Максим дополз, наконец, до берез и лег, уткнувшись лицом в прошлогоднюю сухую траву и листву на краю леса, возле огромной сучковатой березы с огромными наростами на коре и черными обломанными сучьями.

Береза эта, подобно бабе-великану, приняла его под свою защиту. Он припал головой к ее выгорбившимся из земли корням.

Он лежал и слушал, как колышется старая трава и шуршит прошлогодняя листва под его головой.

Он чувствовал, как прорастает трава, как зарождается жизнь…

Он чуть приподнял голову и осмотрелся.
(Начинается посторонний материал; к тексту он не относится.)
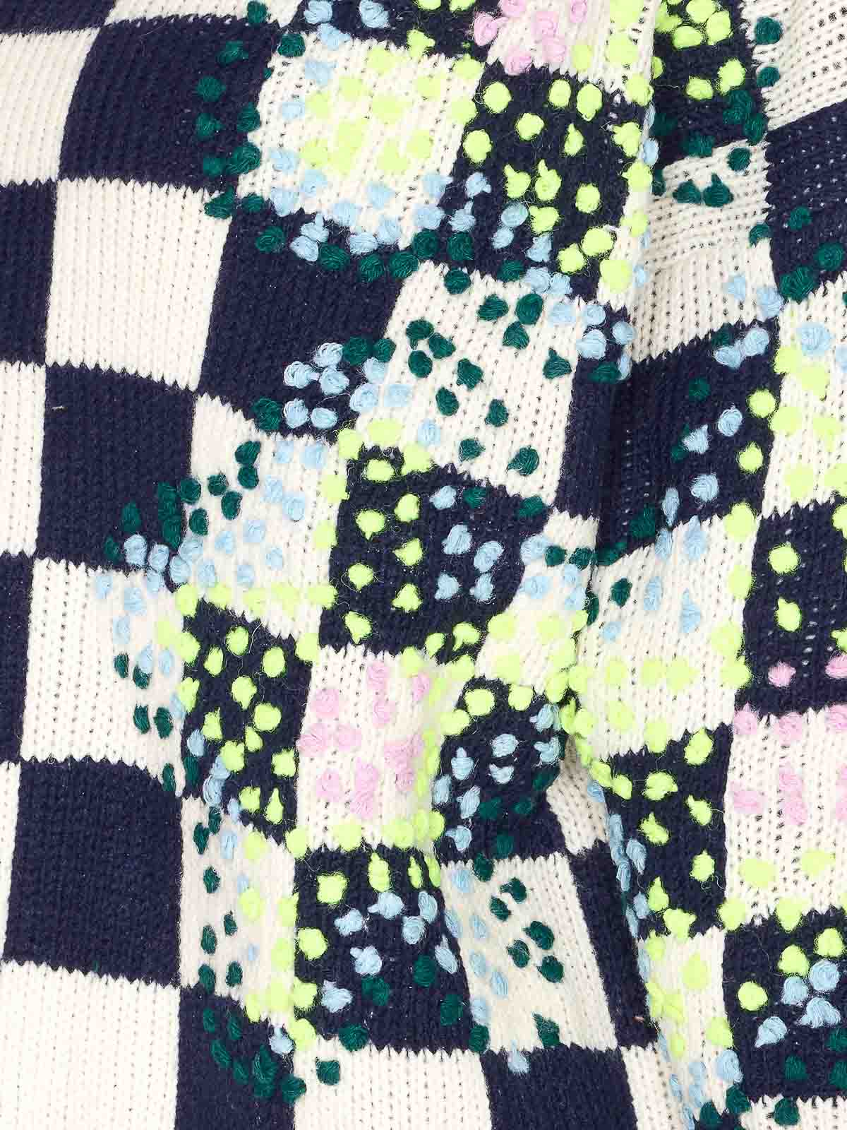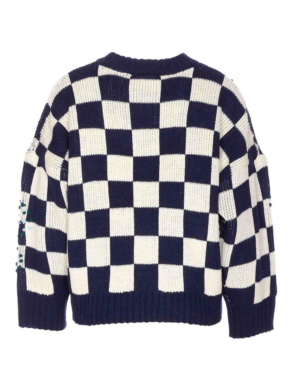 Essentiel antwerp whte and navy inter sweater, crewneck, embroidered detail on the front, check

Очертания предметов были такими, какими они бывают на рассвете ясного дня, когда предметы постепенно приобретают форму, выступают из тьмы, как будто рождаясь заново. Это всегда удивляло и радовало Максима, — он видел в этом великую тайну.
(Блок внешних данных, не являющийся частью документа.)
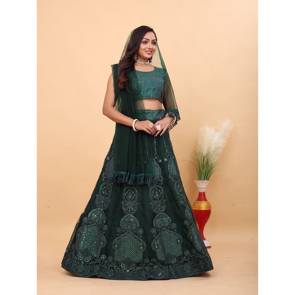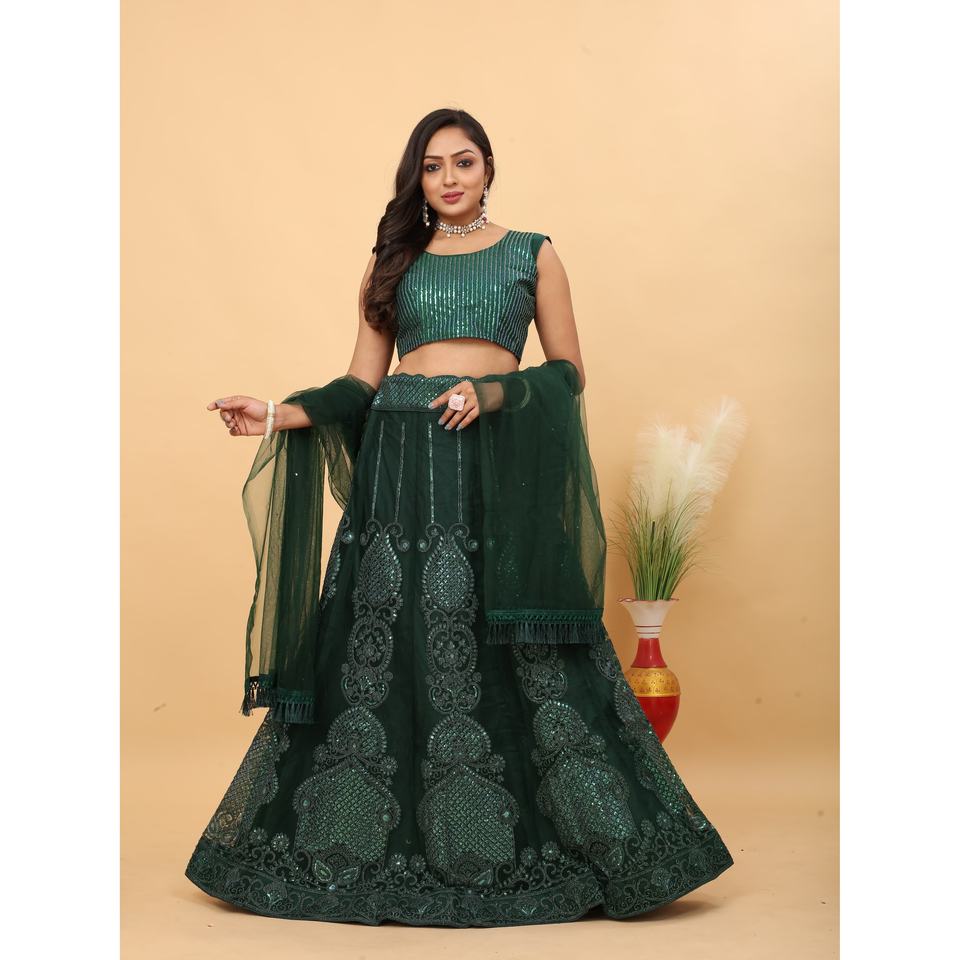 Lehenga Choli A-Line de créateur fait main pour les fêtes, avec un magnifique travail Zari, haut court et taille naturelle

Он видел, как постепенно обретает очертания лес и выступают вперед деревья, как рассеивается туман над полем. Звуки становились все живее и явственнее, и Максим представил почему-то себе косьбу, — хотя до косьбы было еще далеко (молодая трава едва-едва пробивалась сквозь прошлогодние стебли). Ему даже показалось, что он возьмет сейчас в руки косу и начнет косить, и он сделал размашистое движение, заводя руку за спину, но тотчас застонал от боли.
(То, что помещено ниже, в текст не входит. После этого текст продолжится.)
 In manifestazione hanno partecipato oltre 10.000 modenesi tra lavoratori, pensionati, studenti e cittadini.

— Видите, каким я стал, люди добрые! — прошептал он. — Вот что со мной сделали…

Что-то капнуло ему на щеку — старая береза сочилась соком, словно плакала, и Максим слизал сок и слезы своим языком.

Потом он вновь повернул голову и посмотрел на поле. Лошадь лежала там же, где вчера. Она страдальчески вытянула шею, словно пыталась отодвинуть голову дальше от растерзанного тела. Лошадь была мертва.

Прикрыв глаза, он вспомнил, как в детстве волки зарезали у них жеребенка, которого он очень любил и которого долго ждал от старой сивой кобылы. И он долго ходил весь день, как во сне, по лугам и мелким гривкам, искал того жеребенка, и, наконец, нашел то, что от него осталось, — какое-то кровавое месиво, — и, со слезами на глазах, закопал останки.

Он долго плакал, прикрыв лицо руками, а дед утешал его и говорил, что он сделал доброе дело, предал кости земле.

И вот теперь растерзали его.

Кто был тот человек, что растерзал его и нанес этот страшный нечеловеческий удар, не спрашивая ни у кого разрешения? «Впрочем, разве во все времена люди, наносившие смертельные удары, спрашивали у кого-нибудь разрешения? — подумал он. — Они наносили удары, а сами остаются жить, в этом состоит их единственное оправдание».

И тут впервые Максим понял, что за несколько кровавых месяцев войны, он так и не научился воевать. Он пришел на войну и делал свое дело как хозяйствовал у себя в крестьянском хозяйстве, и никогда у него не возникало желания убить другого человека.

Его крестьянская натура так и не смогла оправдать убийства — воровства чужой жизни.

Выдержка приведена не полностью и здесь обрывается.